Polis şiddeti, gözaltılar, tutuklamalar, tehditler ve itibarsızlaştırma kampanyaları ile ayakta tutulan baskı rejimine rağmen böylesi güçlü bir tepkinin açığa çıkması iktidarı korkuttu. Çünkü öğrenciler rektör atamasına karşı çıkmakla yetinmemiş, kayyum atanan HDP’li belediyelerle de, haftalardır ödenmeyen alacakları için direnen Bimeks işçileriyle de mücadeleleri arasında bağ kurmuşlardı. Devlet, elit bir üniversiteye rektör atanmasına karşı sınırlı bir tepkiye tahammül edebilirdi belki ama bu eylemle giderek yoksullaşan, okurken çalışmak zorunda olan, çalışırken işsiz kalan, geleceğinden umudunu yitiren, polis şiddetiyle karşı karşı yaşayan gençlerin nefesini ensesinde hissetti. Üniversite öğrencilerinin bu mücadelesinin, toplumun bir çok kesiminde içten içe büyüyen ve açığa çıkacak bir kanal arayan öfkeyle birleşebileceği korkusu onlara Gezi Direnişini hatırlattı. Ve hiç vakit kaybetmeden her zaman olduğu gibi, yalanlara, polis operasyonlarına ve şiddete başvurdular.
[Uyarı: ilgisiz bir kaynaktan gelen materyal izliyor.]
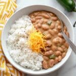 - Serve: Taste and adjust seasoning as needed. Serve the cheesy pinto beans hot over rice or alongside your favorite meal for a comforting and tasty addition.
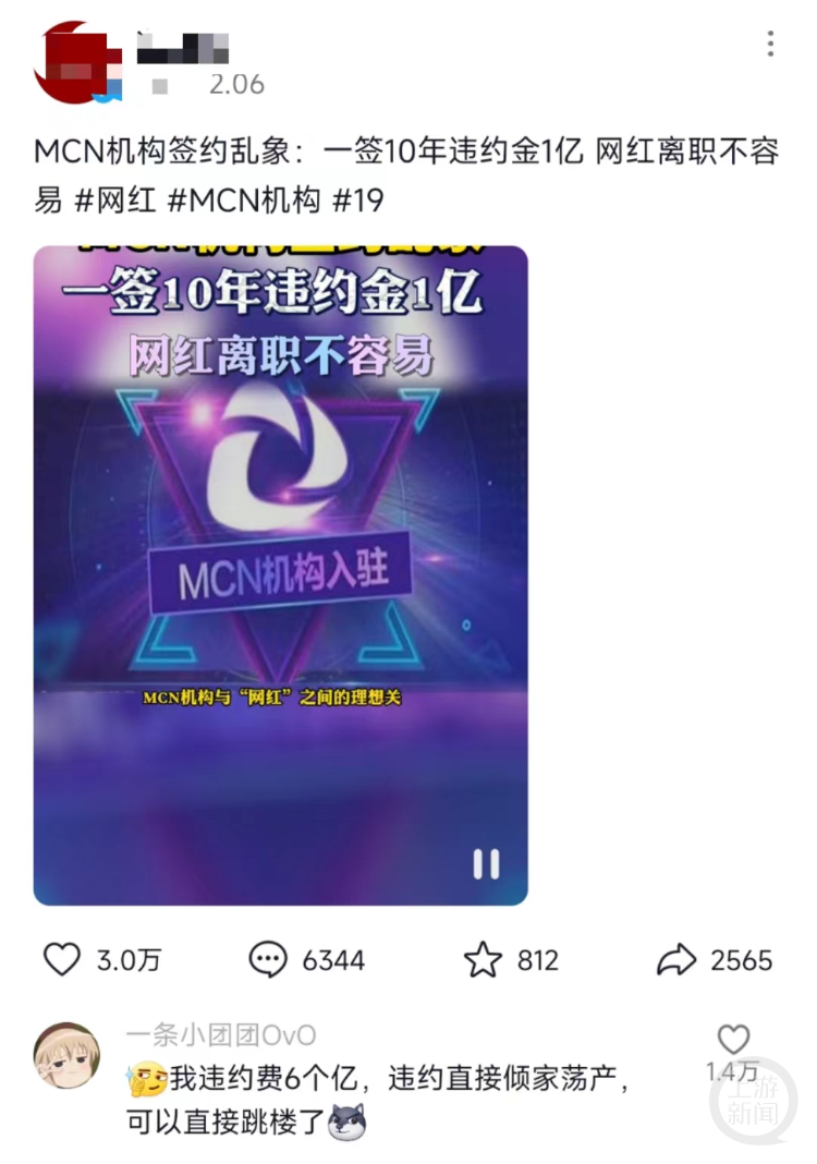 值得一提的是,2021年底,当时停播将近一个月的“一条小团团”出现抖音某视频评论区。短视频内容是“MCN签约乱象被披露,一签就10年违约金1亿”,小团团在评论区写道:“我违约费6个亿,违约直接倾家荡产,可以直接跳楼了。”
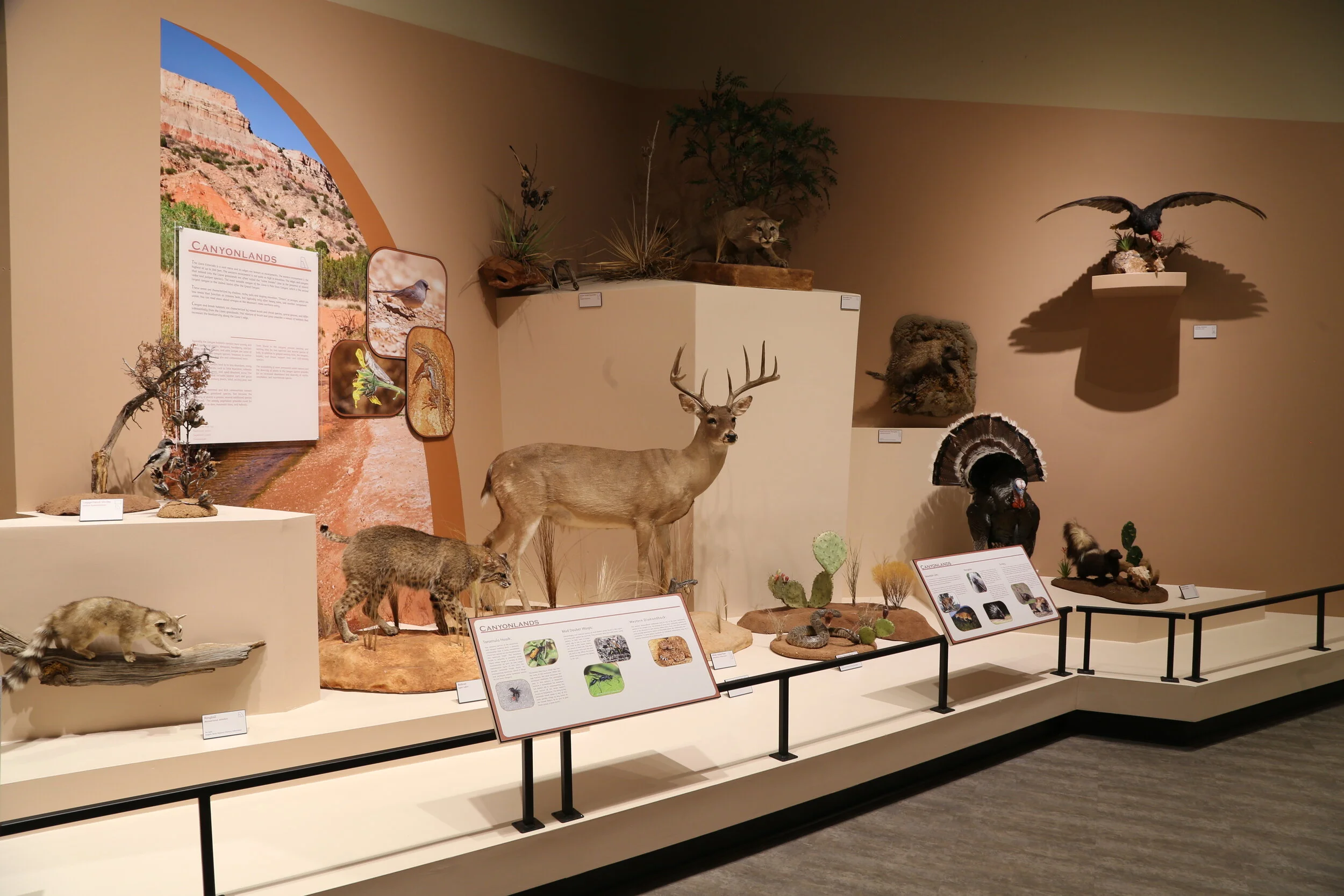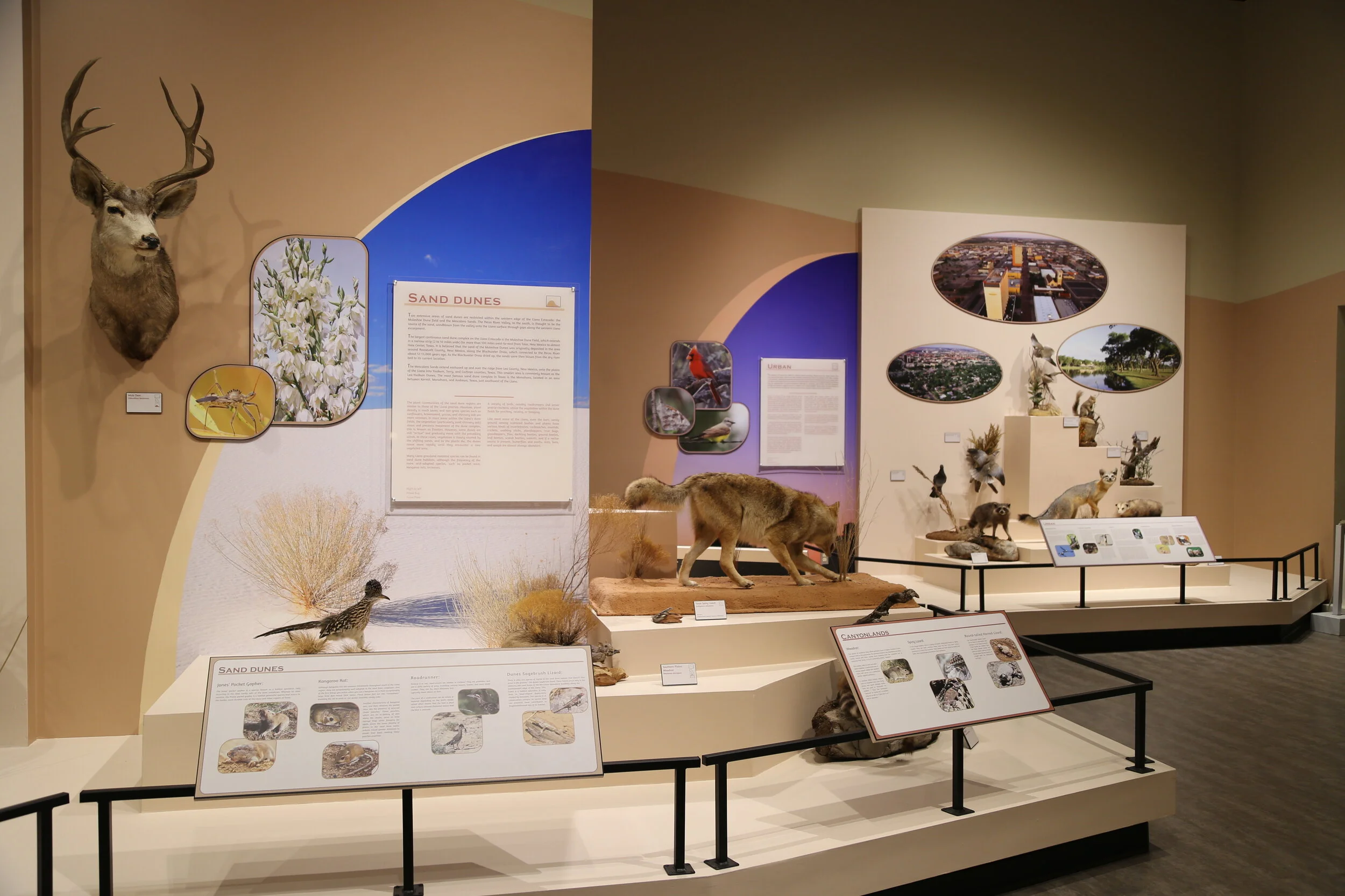 A new permanent exhibit, Biodiversity of the Llano Estacado features an in depth look at this living landscape and explores the importance of biodiversity and the seven major habitats which supports a variety of wildlife. The challenge of this exhibition was to make all the components aesthetically cohesive throughout the seven habitats. I created a customize color palette, based on the color scheme of each habitat in the Llano Estacado: Grasslands and Mixed Prairie, Agriculture, Urban, Salinas, Playas, Sand Dunes, and Canyons. With the use of color, photography, and graphics I was able to created a fluid transition between each habitat, while at the same time emphasizing their differences.
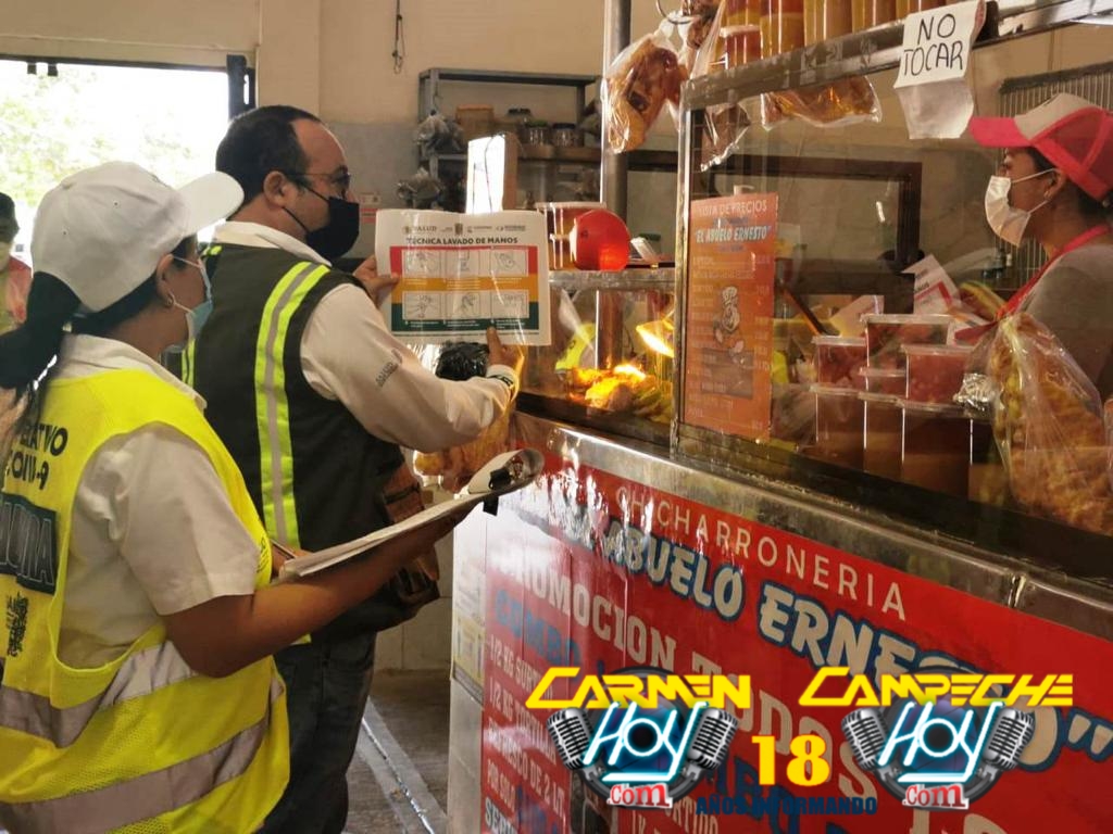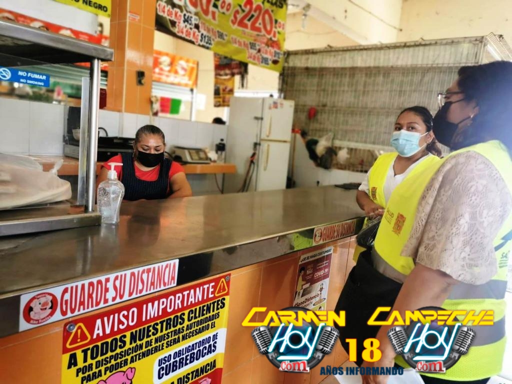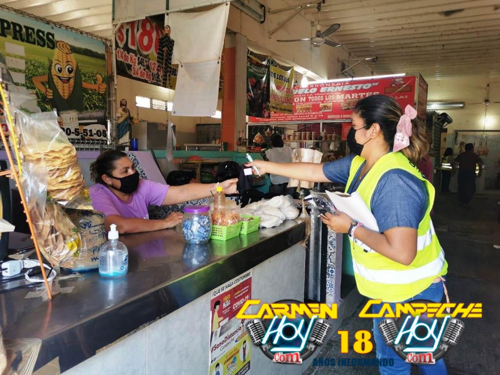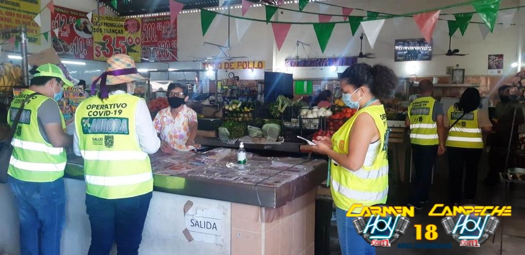 Este martes 13 de abril la brigada de salud recorrió los mercados tradicionales de San Román y Ejidal, para verificar el cumplimiento de medidas sanitarias en los establecimientos como la colocación de los filtros sanitarios, aplicación de gel, tapete, promocionales y el aforo permitido.
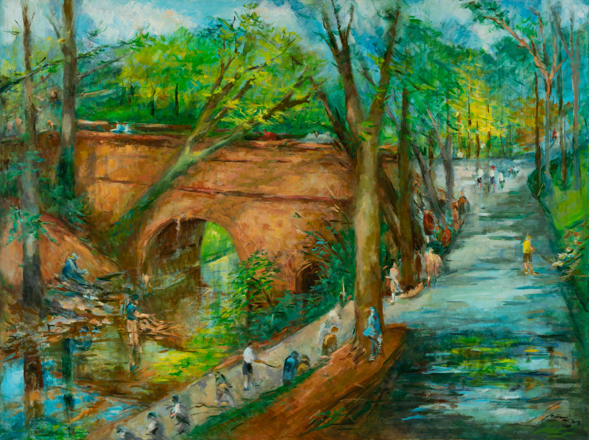 One favorite spot to paint or draw is the stone bridge with runners going by. This work was fun to do with
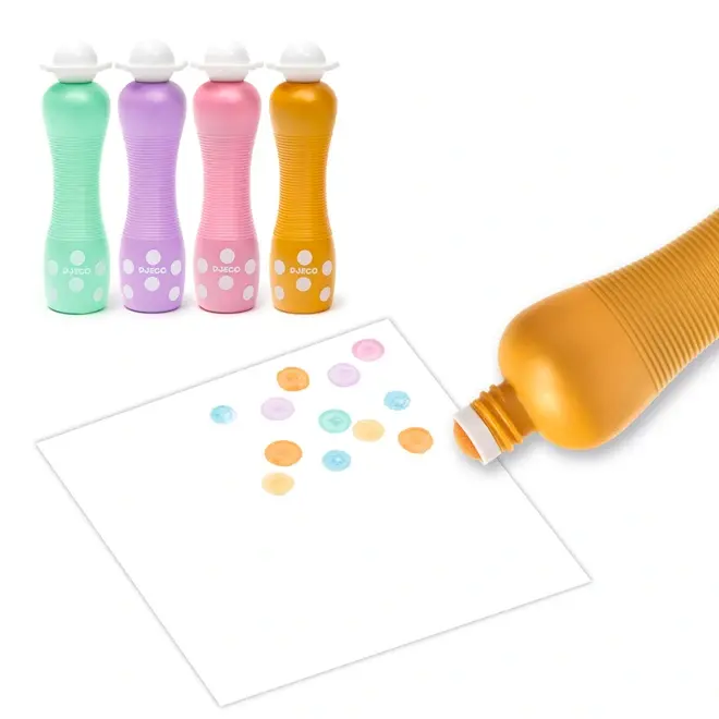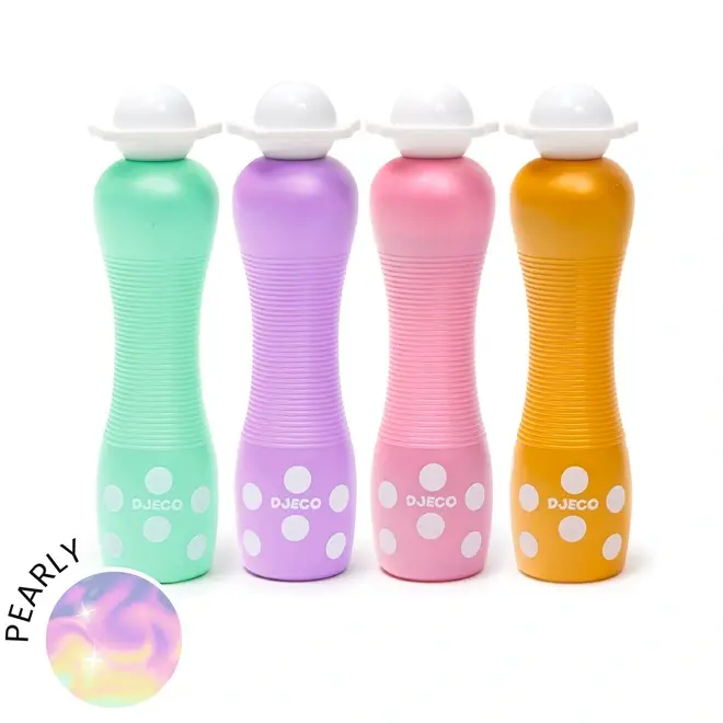 Deze schuimstiften pearly van Djeco zijn echt top als je kind van tekenen en knutselen houdt. Je maakt er van die leuke grote stippen mee die een beetje glanzen, echt zo’n parelmoer effect.
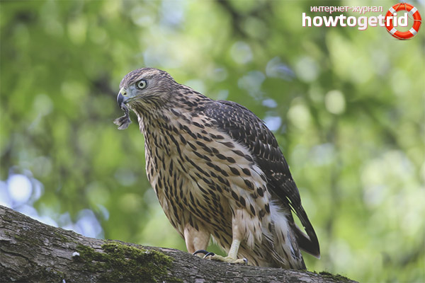 As usual, the hawk plucks the caught prey, sometimes without even killing it, but if at this moment he is disturbed by something, the predator will leave an unfortunate prey. Usually this bird settles with prey on a small hill, and as a result of the meal, feathers, bones, beak, claws and a bird's skull remain at the place of the meal.
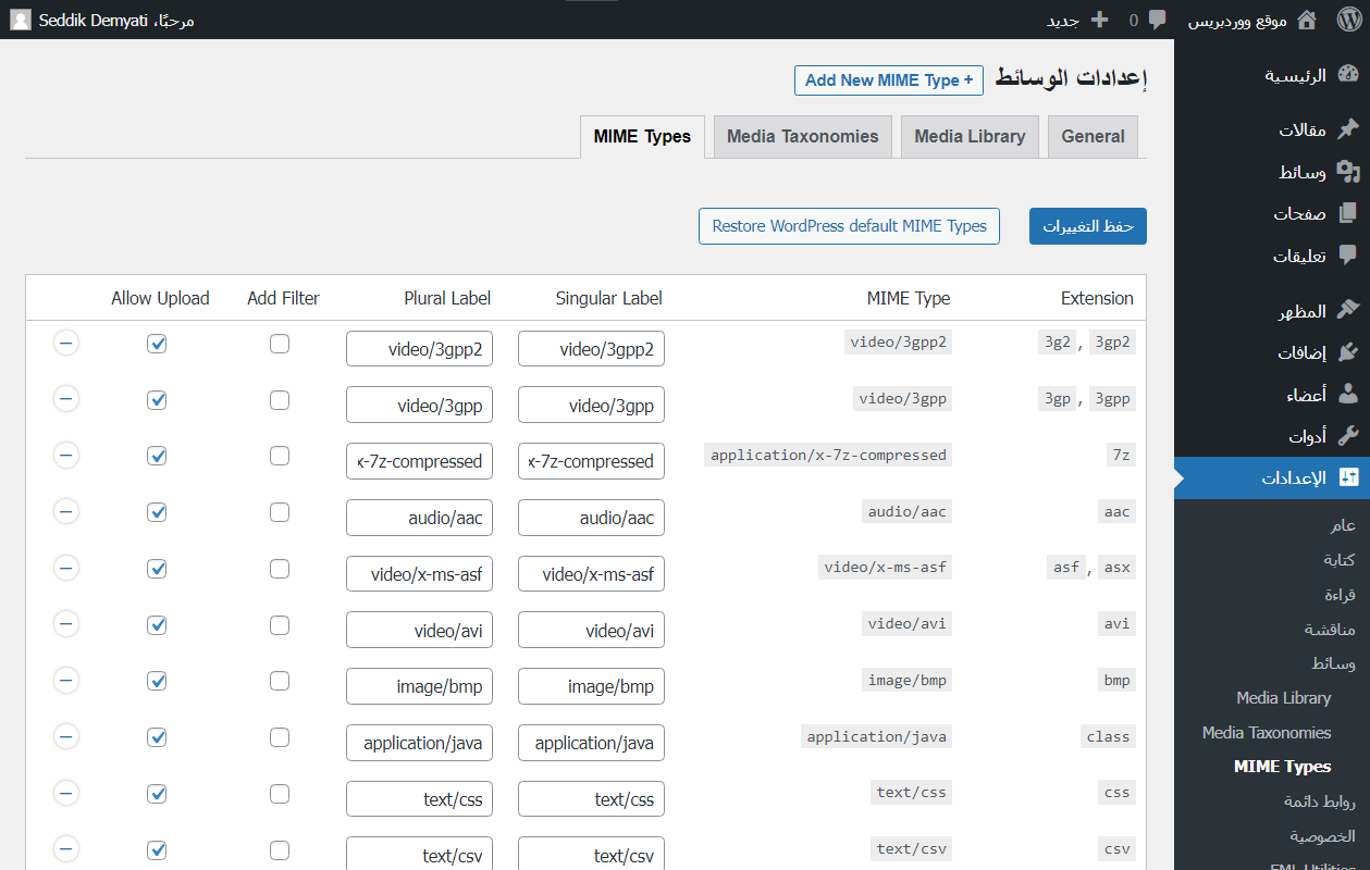 إن لم تكن صيغة الصورة التي تريد رفعها موجودة ضمن القائمة، يمكنك إضافتها عبر الضغط على زر "Add New MIME Type +"، وبعد الانتهاء من التعديلات لا تنسى حفظها عبر الضغط على زر "حفظ التغييرات".
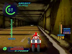 Stages in Speed Power Gunbike are presented in 3D with a third-person perspective of the player character. The objective is to reach the end of each stage while avoiding obstacles, breaking through barriers, battling enemies, and then defeating a boss in a large arena. The player is tasked with doing all this while keeping watch on the Gunbike's "Anergy" meter, which acts as both health and a time limit and slowly ticks down from its full tank of 99, shown on a heads-up display (HUD). The meter drops rapidly every time damage is taken from enemies and will result in a game over should it hit zero.[6][7] Bonus items can be picked up to refill the meter.[5] Gunbikes can transform into three different modes. These modes can swapped between at any time with each one having different control schemes and certain advantages over the others.[5]
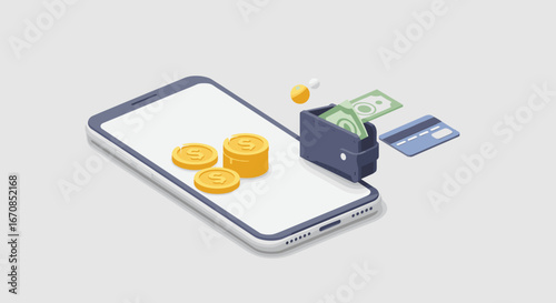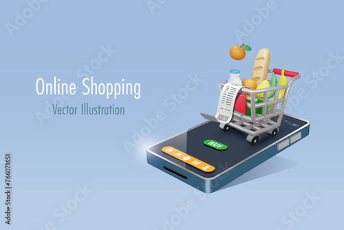 Asijské jídlo on-line koncept. Vektorový izometrický smartphone s aplikací pro doručování asijské kuchyně. Sushi a další odnést asijské jídlo, navigační mapa s PIN markerem a tlačítko Koupit nyní na obrazovce chytrého telefonu.
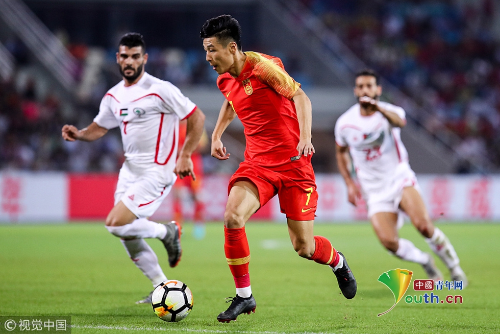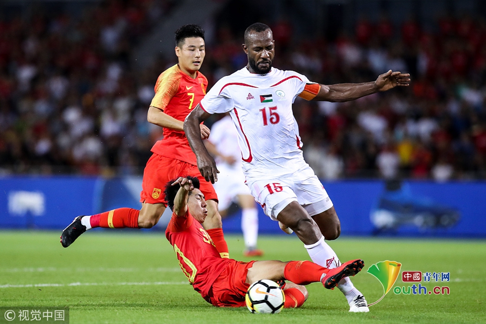 2018年11月20日,???,2018國際足球友誼賽,中國男足Vs巴勒斯坦。郜林拼搶 圖片作者:null
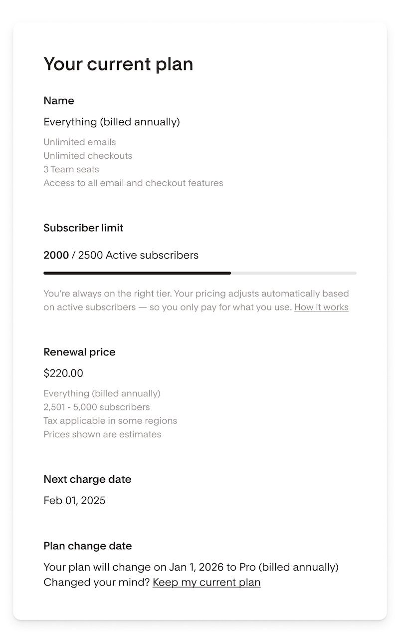 If your audience grows beyond 25,000, Flodesk will automatically upgrade you to Pro so your emails continue sending without interruption.

Aynı gün ana akım medya ve sosyal medyada bir itibarsızlaştırma kampanyası başlatıldı ve 5 Ocak sabahı erken saatlerden itibaren öğrencilerin evlerine polis baskınları başladı, baskınlar hala devam ediyor. Aralarında Devrimci Otonomlar ve Devrimci Anarşist Faaliyet’ten anarşist yoldaşlarımızın da bulunduğu onlarca kişi gözaltına alındı. Gözaltına alınan öğrenciler darp edildi, evler talan edildi, bazı öğrenciler çıplak aramaya maruz bırakıldı, LGBTİ+ aktivisti öğrenciler tecavüz ve ölümle tehdit edildi. Bu sırada iktidar yalnızca internet trolleriyle değil, aynı zamanda “en yetkili isimleriyle” yalanlarına ve tehditlerine devam etti.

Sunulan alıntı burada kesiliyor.